## REQUIRED ACTION
Give the lines below again exactly, starting with the line that holds "En snygg svart" and going on through the line that holds "9月29日维护更新公告".

## RECORDS SUPPLIED

■ ■ ■ ■ ■ ■ ■

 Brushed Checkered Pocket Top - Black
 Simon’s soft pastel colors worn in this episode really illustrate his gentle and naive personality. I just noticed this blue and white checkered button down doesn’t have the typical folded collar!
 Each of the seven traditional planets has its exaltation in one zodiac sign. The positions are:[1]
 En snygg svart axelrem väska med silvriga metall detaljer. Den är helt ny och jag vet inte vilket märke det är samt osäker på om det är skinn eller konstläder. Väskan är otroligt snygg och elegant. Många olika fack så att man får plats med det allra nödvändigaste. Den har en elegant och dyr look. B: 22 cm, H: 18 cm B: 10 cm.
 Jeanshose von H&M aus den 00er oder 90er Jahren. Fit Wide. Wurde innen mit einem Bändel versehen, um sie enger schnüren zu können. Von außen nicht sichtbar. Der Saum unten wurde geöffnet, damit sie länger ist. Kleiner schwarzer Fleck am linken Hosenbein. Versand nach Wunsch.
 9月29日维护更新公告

■ ■ ■ ■ ■ ■ ■

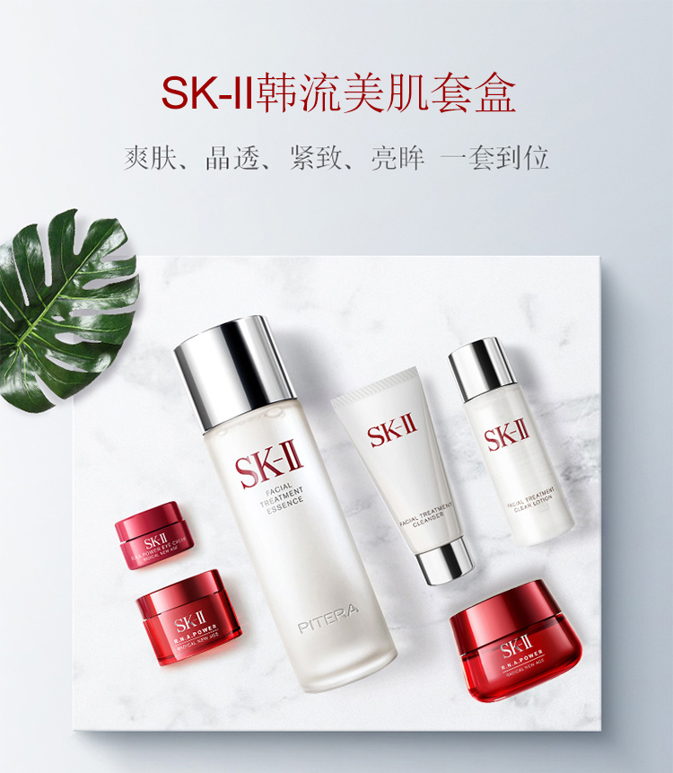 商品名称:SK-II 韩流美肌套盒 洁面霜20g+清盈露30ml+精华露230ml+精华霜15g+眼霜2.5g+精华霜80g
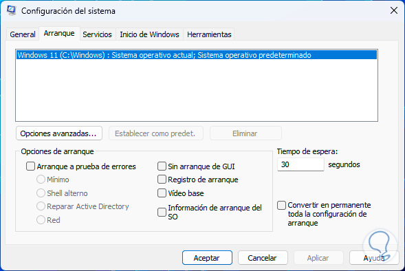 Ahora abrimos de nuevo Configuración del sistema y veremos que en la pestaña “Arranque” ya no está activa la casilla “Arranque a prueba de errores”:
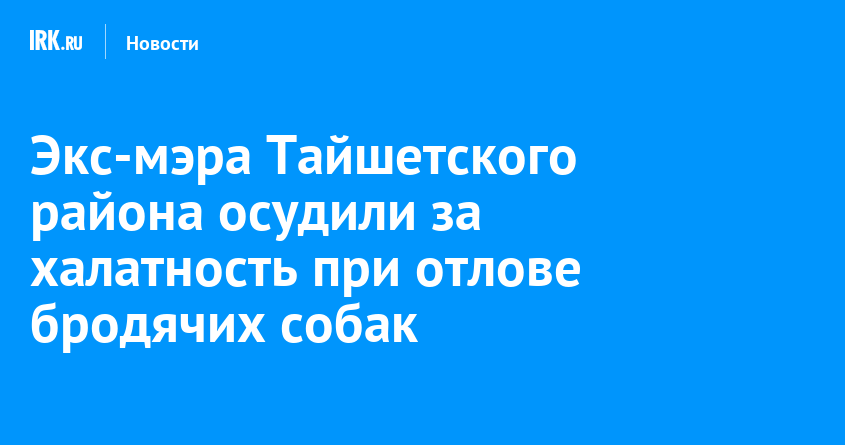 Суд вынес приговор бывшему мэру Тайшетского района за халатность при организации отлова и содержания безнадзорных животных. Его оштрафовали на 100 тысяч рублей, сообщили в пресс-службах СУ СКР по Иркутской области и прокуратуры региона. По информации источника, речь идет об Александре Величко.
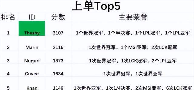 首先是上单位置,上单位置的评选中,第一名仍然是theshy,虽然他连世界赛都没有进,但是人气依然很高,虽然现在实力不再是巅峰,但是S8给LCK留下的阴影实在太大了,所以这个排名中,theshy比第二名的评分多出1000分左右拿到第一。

■ ■ ■ ■ ■ ■ ■

## TASK RESULT
 En snygg svart axelrem väska med silvriga metall detaljer. Den är helt ny och jag vet inte vilket märke det är samt osäker på om det är skinn eller konstläder. Väskan är otroligt snygg och elegant. Många olika fack så att man får plats med det allra nödvändigaste. Den har en elegant och dyr look. B: 22 cm, H: 18 cm B: 10 cm.
 Jeanshose von H&M aus den 00er oder 90er Jahren. Fit Wide. Wurde innen mit einem Bändel versehen, um sie enger schnüren zu können. Von außen nicht sichtbar. Der Saum unten wurde geöffnet, damit sie länger ist. Kleiner schwarzer Fleck am linken Hosenbein. Versand nach Wunsch.
 9月29日维护更新公告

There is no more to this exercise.